Records from a data source

--

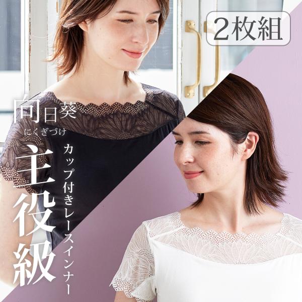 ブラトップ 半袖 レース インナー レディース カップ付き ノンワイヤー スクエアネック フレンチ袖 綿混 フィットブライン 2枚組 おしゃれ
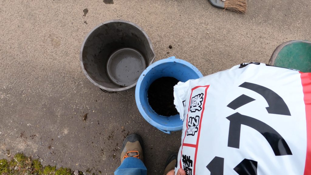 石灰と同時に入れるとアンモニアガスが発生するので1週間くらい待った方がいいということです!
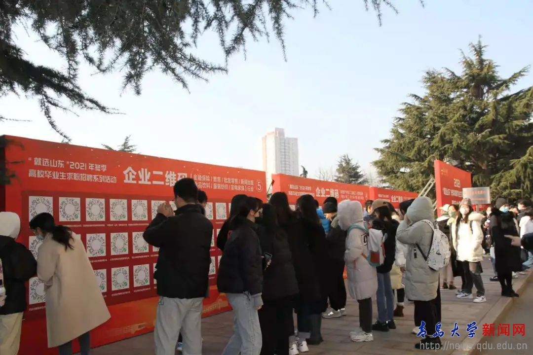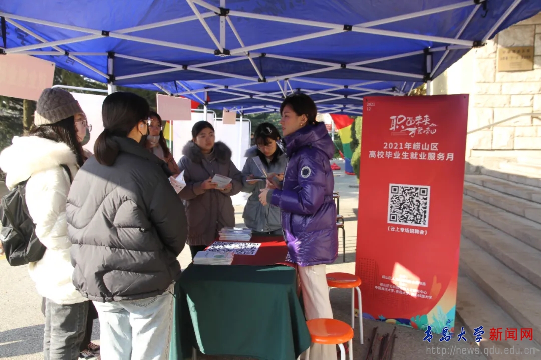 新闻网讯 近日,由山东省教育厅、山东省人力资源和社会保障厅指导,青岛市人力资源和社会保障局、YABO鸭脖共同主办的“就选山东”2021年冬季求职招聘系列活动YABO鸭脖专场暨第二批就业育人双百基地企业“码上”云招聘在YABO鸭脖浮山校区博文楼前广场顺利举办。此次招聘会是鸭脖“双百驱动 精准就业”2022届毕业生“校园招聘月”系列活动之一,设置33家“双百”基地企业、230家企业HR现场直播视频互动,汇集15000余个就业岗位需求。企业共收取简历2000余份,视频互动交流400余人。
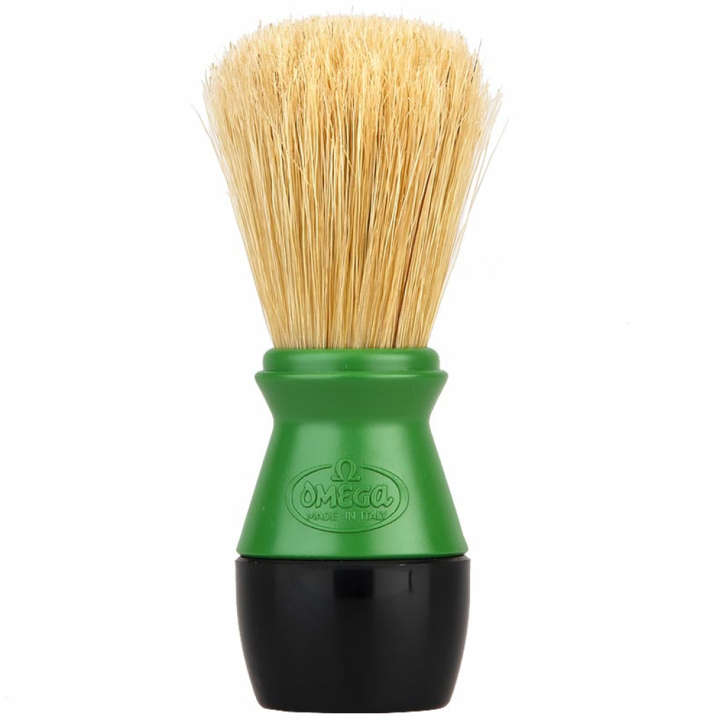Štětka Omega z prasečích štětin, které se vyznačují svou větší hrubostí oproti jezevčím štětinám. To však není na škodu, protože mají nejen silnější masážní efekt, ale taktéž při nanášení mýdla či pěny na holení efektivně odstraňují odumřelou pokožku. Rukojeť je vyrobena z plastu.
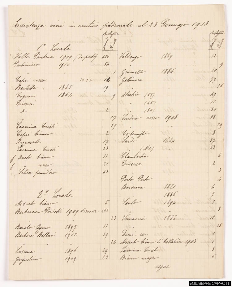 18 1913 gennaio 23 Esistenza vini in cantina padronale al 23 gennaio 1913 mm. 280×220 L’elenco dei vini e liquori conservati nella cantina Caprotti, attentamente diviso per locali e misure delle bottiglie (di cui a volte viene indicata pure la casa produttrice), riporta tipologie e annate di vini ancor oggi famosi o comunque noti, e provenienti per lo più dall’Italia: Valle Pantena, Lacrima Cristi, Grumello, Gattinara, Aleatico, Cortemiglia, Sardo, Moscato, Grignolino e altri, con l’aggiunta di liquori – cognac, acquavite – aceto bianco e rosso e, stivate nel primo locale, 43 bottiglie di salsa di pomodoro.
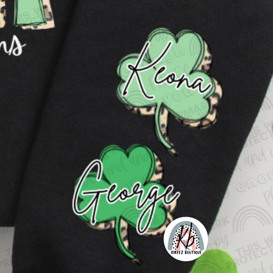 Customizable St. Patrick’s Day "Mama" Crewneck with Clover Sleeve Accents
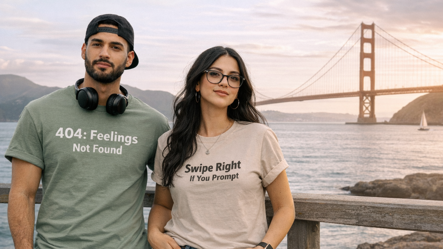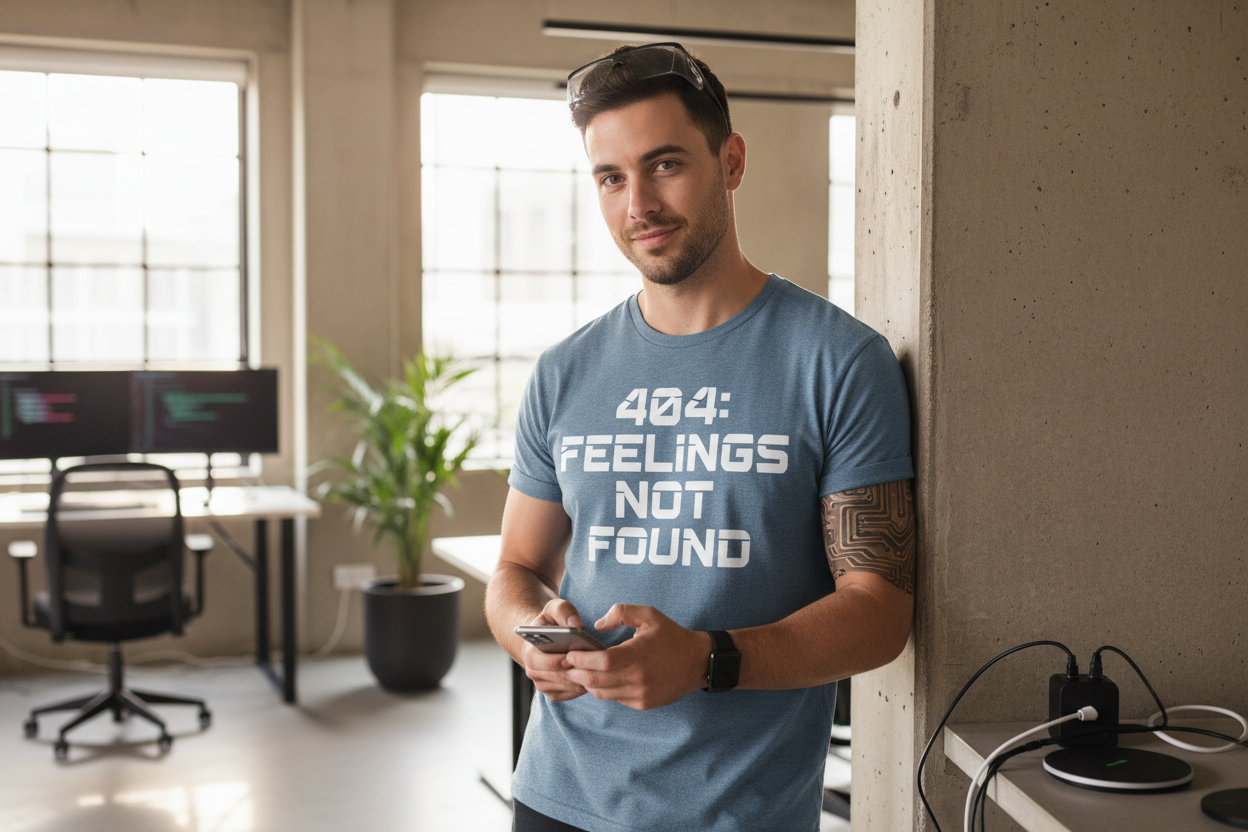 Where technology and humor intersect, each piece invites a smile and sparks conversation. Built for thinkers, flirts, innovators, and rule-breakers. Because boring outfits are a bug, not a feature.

--

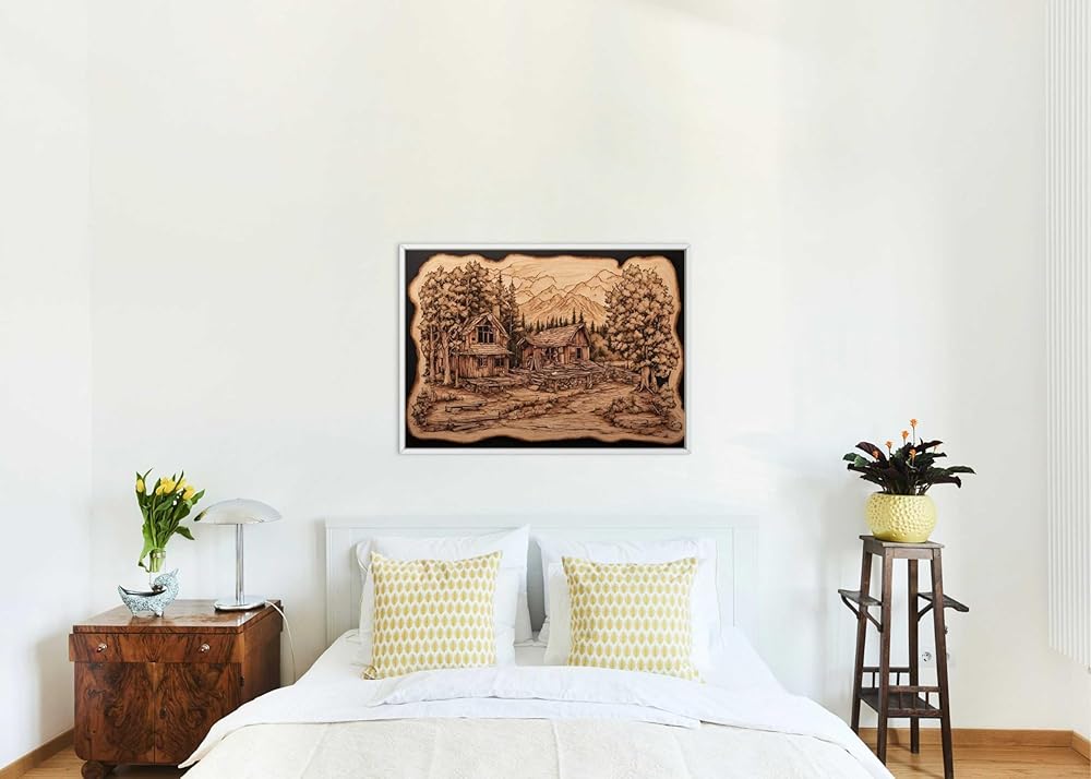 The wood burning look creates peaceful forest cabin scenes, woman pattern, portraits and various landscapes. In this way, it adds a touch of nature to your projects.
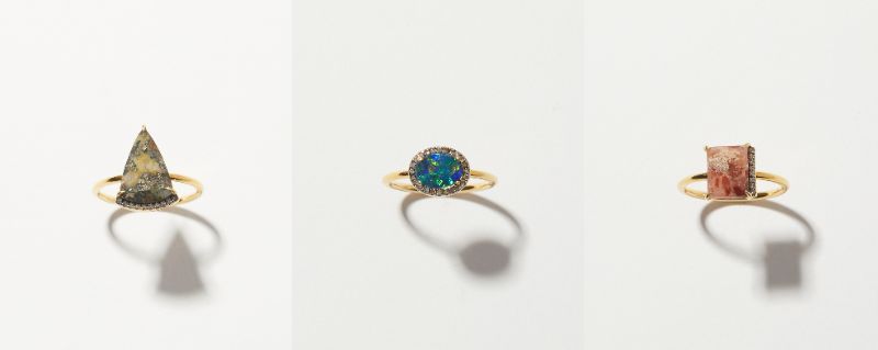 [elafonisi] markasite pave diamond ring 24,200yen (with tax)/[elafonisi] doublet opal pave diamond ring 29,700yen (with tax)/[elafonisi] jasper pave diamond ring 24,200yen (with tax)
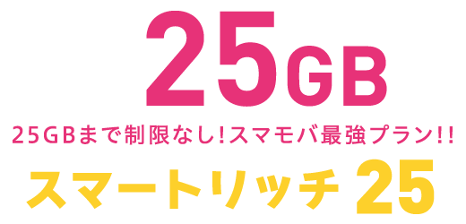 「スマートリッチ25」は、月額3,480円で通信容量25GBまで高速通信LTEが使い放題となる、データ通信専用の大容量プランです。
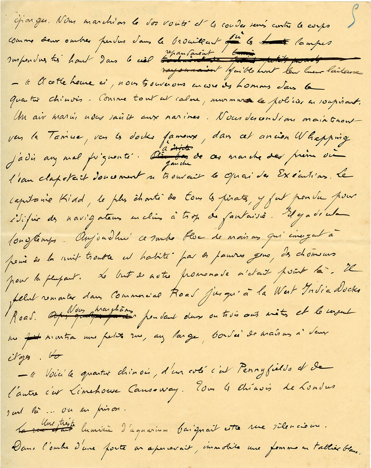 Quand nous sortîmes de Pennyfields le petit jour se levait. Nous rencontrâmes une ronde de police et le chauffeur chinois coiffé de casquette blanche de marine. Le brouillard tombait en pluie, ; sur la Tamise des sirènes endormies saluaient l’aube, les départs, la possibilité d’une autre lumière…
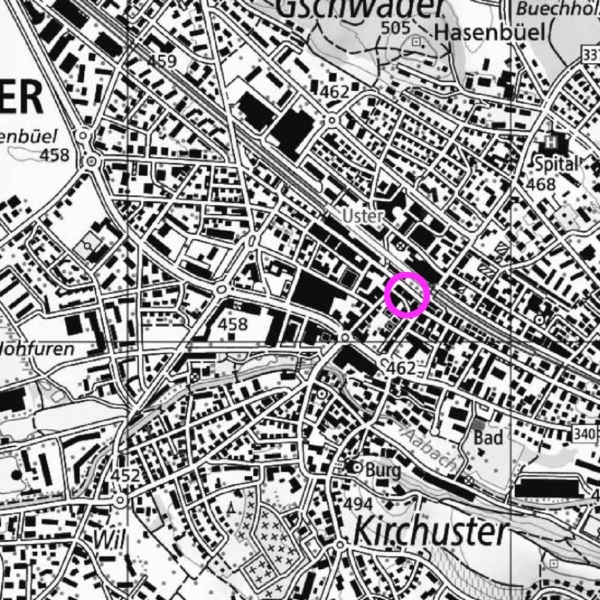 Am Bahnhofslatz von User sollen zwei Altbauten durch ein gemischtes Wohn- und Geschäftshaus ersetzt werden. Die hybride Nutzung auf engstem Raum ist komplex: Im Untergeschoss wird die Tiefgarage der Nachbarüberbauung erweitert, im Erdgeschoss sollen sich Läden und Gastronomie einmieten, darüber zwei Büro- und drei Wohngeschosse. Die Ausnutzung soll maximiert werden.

--

WHAT YOU WILL DO >> Would you transcribe the lines above exactly, going from the line bearing "ブラトップ 半袖 レース" through the line bearing "18 1913 gennaio 23", and drop the pictures from the copy?

ANSWER SECTION >>
 ブラトップ 半袖 レース インナー レディース カップ付き ノンワイヤー スクエアネック フレンチ袖 綿混 フィットブライン 2枚組 おしゃれ
 石灰と同時に入れるとアンモニアガスが発生するので1週間くらい待った方がいいということです!
 新闻网讯 近日,由山东省教育厅、山东省人力资源和社会保障厅指导,青岛市人力资源和社会保障局、YABO鸭脖共同主办的“就选山东”2021年冬季求职招聘系列活动YABO鸭脖专场暨第二批就业育人双百基地企业“码上”云招聘在YABO鸭脖浮山校区博文楼前广场顺利举办。此次招聘会是鸭脖“双百驱动 精准就业”2022届毕业生“校园招聘月”系列活动之一,设置33家“双百”基地企业、230家企业HR现场直播视频互动,汇集15000余个就业岗位需求。企业共收取简历2000余份,视频互动交流400余人。
Štětka Omega z prasečích štětin, které se vyznačují svou větší hrubostí oproti jezevčím štětinám. To však není na škodu, protože mají nejen silnější masážní efekt, ale taktéž při nanášení mýdla či pěny na holení efektivně odstraňují odumřelou pokožku. Rukojeť je vyrobena z plastu.
 18 1913 gennaio 23 Esistenza vini in cantina padronale al 23 gennaio 1913 mm. 280×220 L’elenco dei vini e liquori conservati nella cantina Caprotti, attentamente diviso per locali e misure delle bottiglie (di cui a volte viene indicata pure la casa produttrice), riporta tipologie e annate di vini ancor oggi famosi o comunque noti, e provenienti per lo più dall’Italia: Valle Pantena, Lacrima Cristi, Grumello, Gattinara, Aleatico, Cortemiglia, Sardo, Moscato, Grignolino e altri, con l’aggiunta di liquori – cognac, acquavite – aceto bianco e rosso e, stivate nel primo locale, 43 bottiglie di salsa di pomodoro.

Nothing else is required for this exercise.